> **What to work on**
In the entries that follow, the lines from the line containing "(2场国际赛欧洲最佳雌鸽45位) 作出" up to and including the line containing "hoog, gewelfd plafond." must be copied exactly, with pictures omitted.

── Data for this exercise

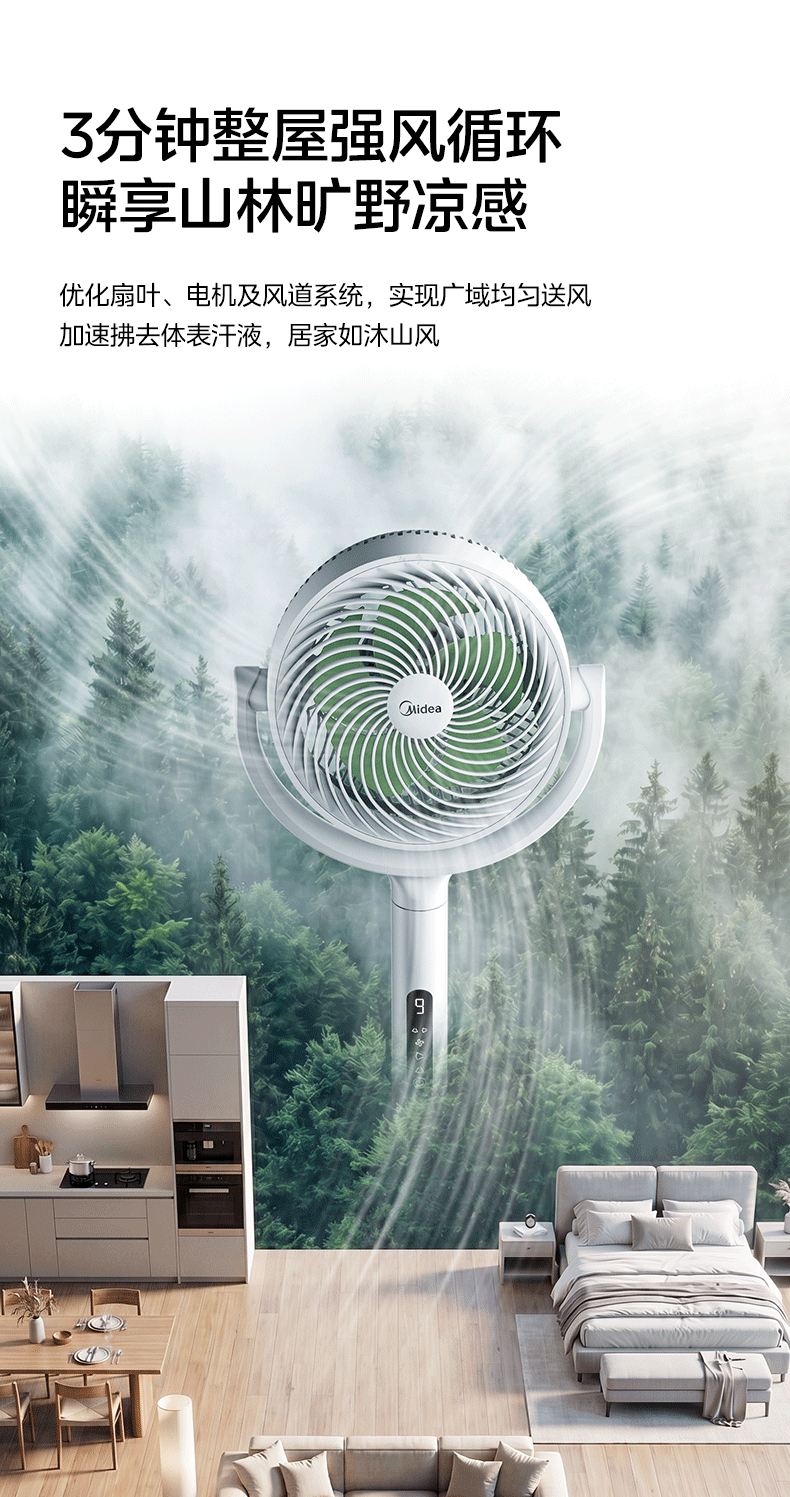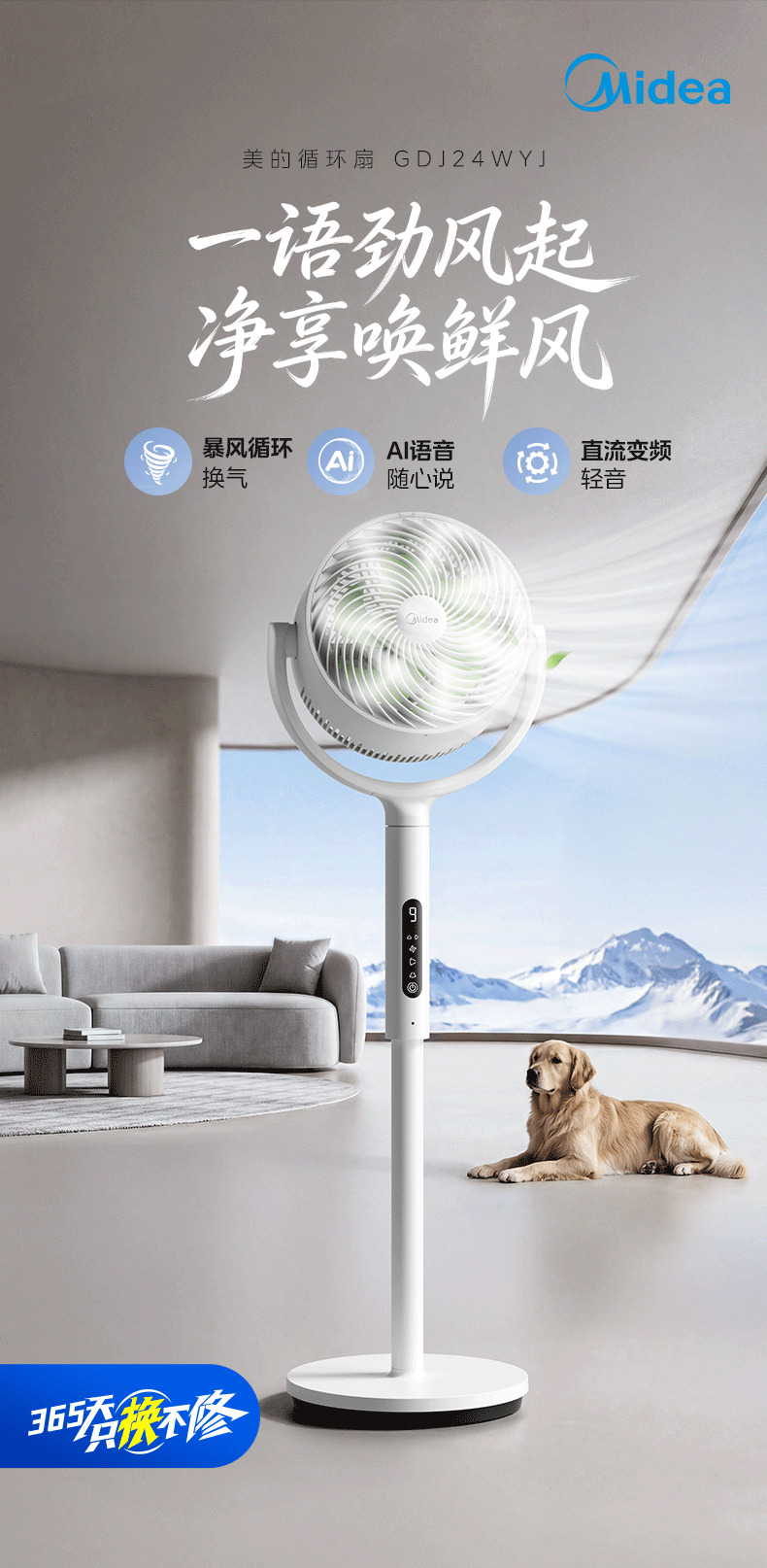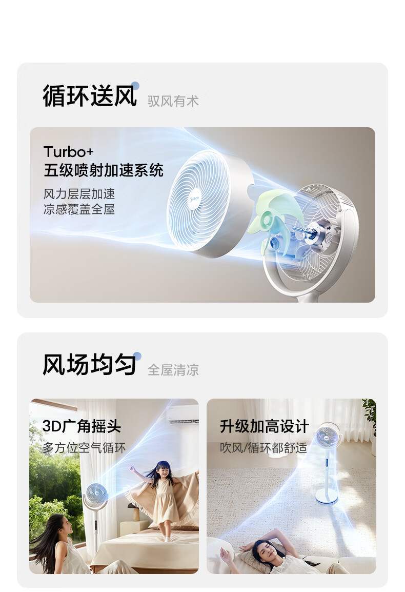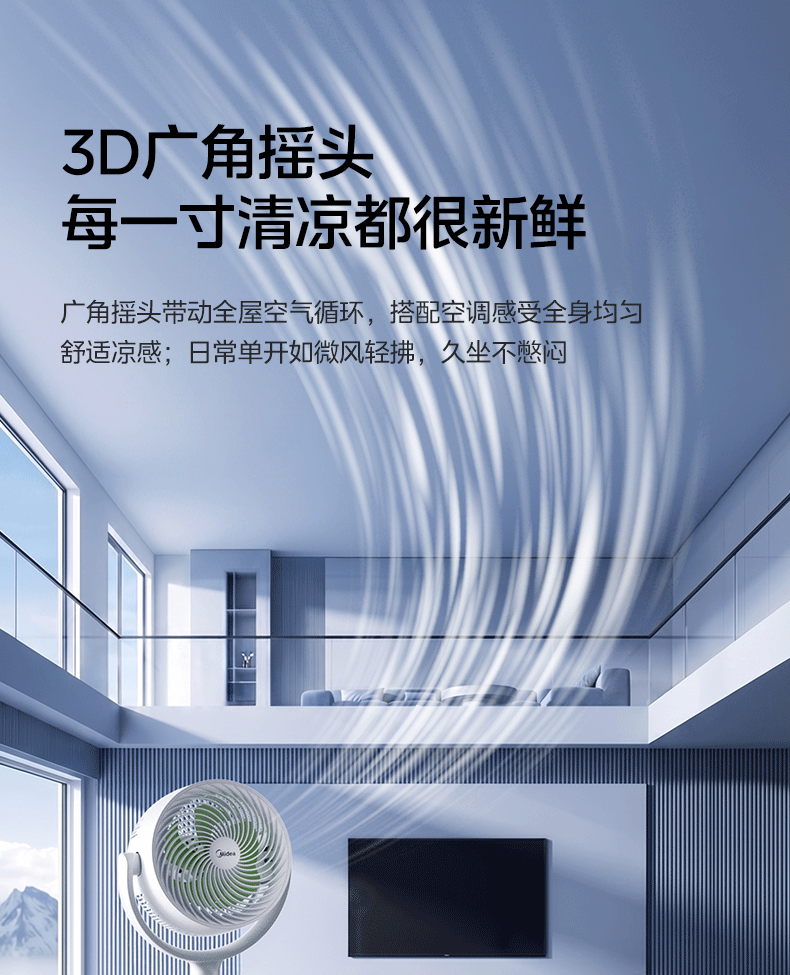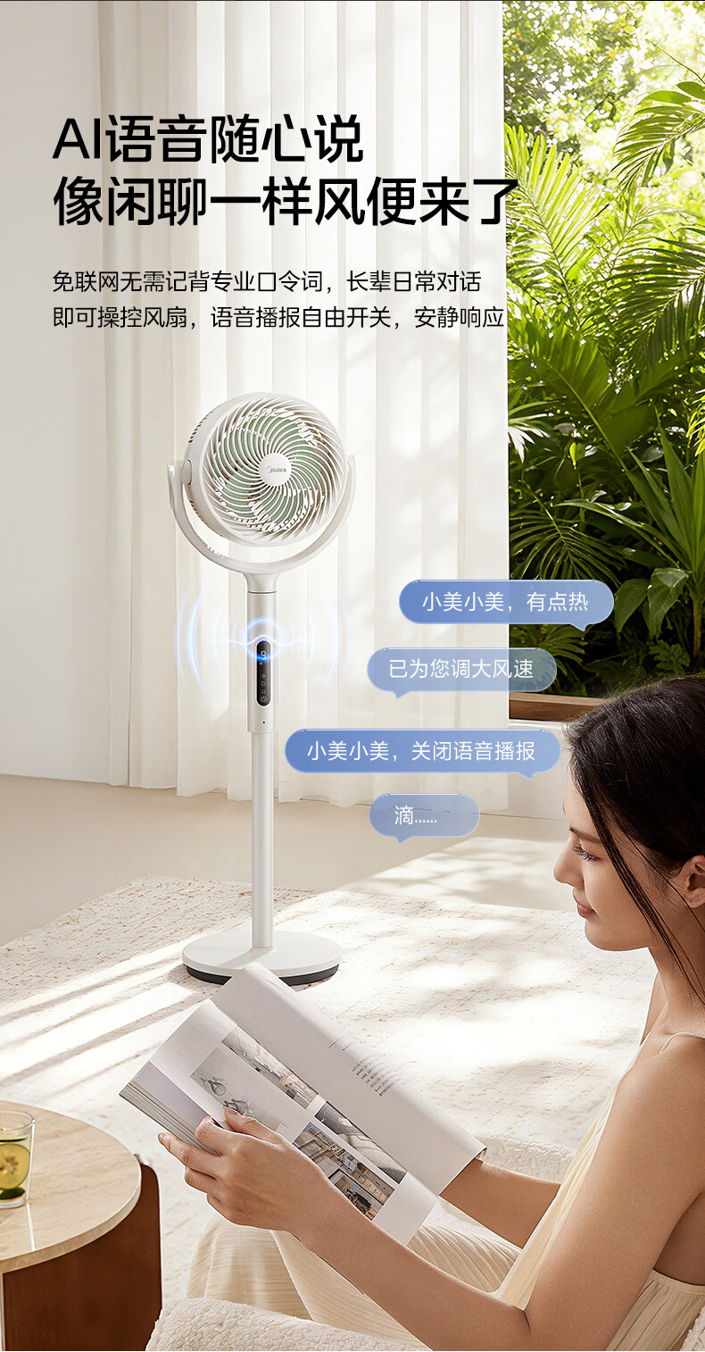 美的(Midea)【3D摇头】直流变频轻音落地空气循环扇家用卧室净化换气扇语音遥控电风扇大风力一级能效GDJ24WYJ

────
── Data for this exercise

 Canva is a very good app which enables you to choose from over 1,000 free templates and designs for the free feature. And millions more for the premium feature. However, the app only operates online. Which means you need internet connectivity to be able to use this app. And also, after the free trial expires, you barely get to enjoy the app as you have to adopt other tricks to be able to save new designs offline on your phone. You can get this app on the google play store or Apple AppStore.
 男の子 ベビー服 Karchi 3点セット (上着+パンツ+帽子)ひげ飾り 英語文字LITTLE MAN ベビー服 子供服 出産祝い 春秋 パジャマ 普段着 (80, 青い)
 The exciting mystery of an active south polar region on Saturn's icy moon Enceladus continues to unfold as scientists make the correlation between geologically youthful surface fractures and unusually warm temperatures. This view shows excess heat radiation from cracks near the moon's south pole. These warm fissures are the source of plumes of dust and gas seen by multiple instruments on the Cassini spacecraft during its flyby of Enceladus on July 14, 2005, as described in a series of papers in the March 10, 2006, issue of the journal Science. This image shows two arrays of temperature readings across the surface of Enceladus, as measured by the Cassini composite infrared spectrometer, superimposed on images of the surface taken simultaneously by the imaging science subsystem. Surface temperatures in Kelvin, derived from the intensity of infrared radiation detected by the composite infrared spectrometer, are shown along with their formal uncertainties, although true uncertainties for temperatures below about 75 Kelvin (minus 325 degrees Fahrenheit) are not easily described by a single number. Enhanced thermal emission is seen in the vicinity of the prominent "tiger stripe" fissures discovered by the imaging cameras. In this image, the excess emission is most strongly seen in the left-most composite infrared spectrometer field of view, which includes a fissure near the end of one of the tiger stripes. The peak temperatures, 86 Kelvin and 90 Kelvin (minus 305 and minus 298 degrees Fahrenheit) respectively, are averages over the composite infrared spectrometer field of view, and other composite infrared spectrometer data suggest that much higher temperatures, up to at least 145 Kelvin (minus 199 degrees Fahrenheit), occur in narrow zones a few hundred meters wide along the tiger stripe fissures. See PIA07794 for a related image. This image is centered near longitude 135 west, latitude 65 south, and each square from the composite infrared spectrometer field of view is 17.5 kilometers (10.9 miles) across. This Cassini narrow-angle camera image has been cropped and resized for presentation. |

────
── Data for this exercise

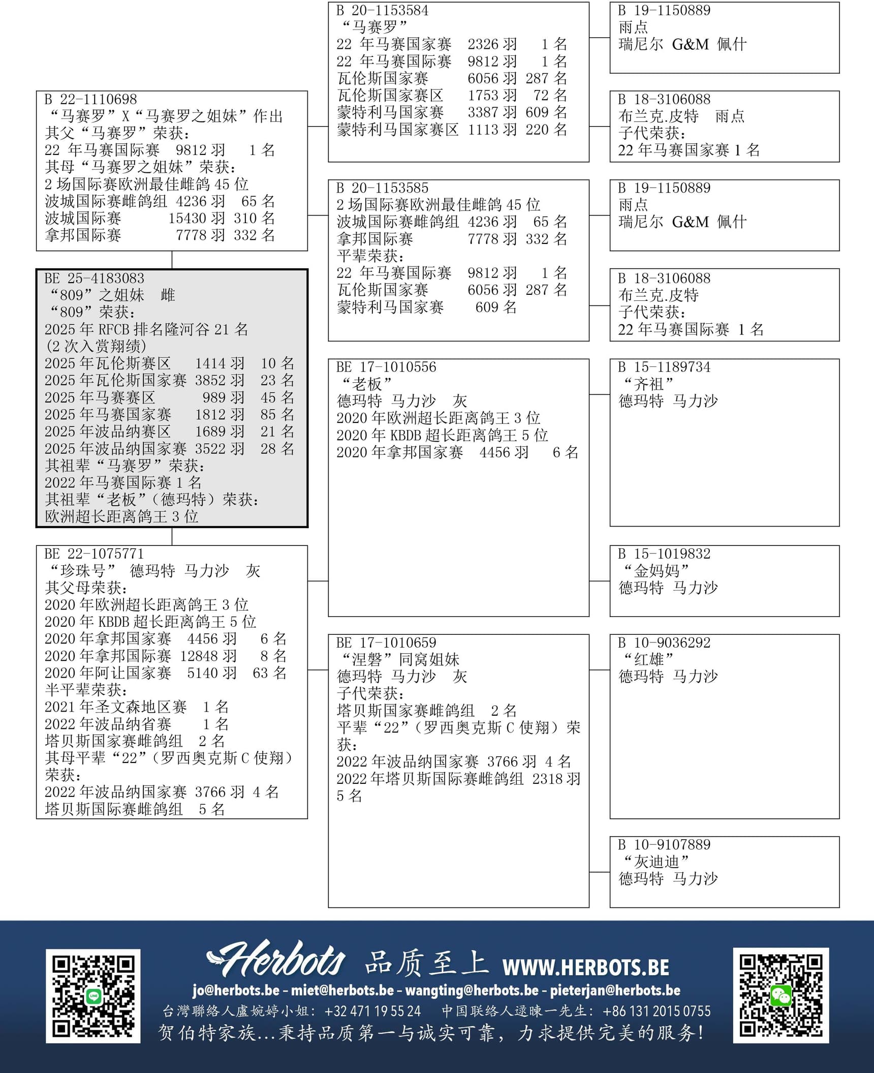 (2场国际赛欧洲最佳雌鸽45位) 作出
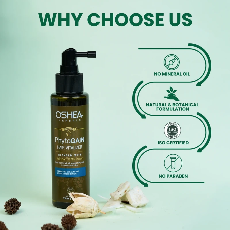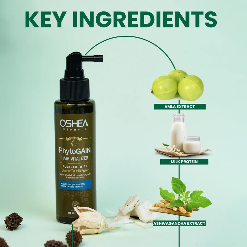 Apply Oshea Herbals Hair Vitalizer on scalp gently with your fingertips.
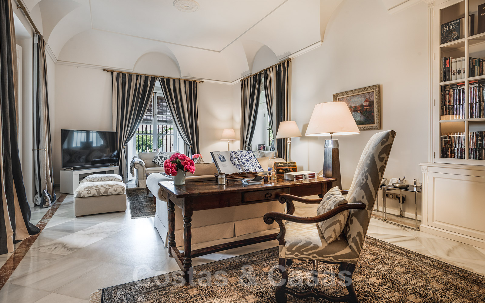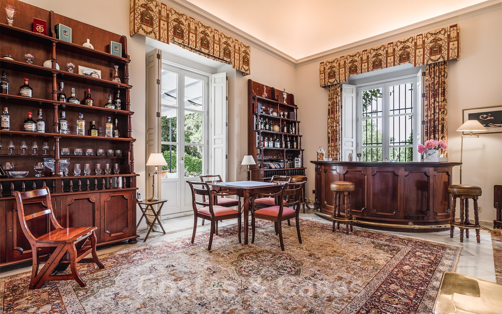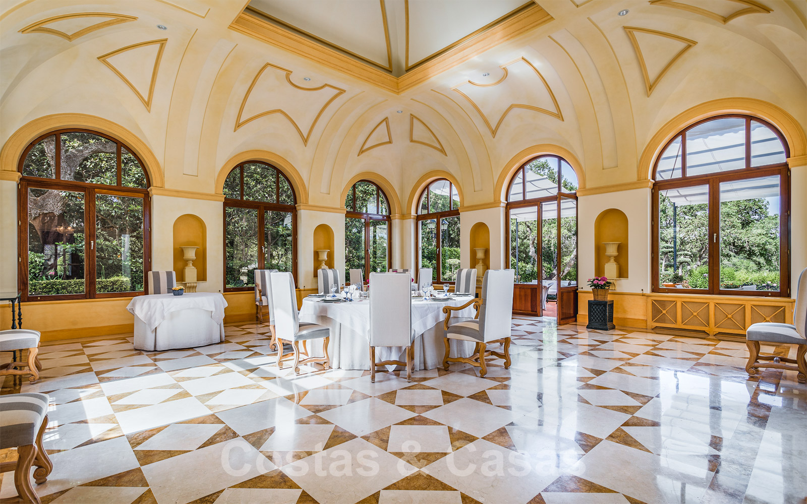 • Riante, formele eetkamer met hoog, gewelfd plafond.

────

> **Written reply**
 (2场国际赛欧洲最佳雌鸽45位) 作出
 Apply Oshea Herbals Hair Vitalizer on scalp gently with your fingertips.
 • Riante, formele eetkamer met hoog, gewelfd plafond.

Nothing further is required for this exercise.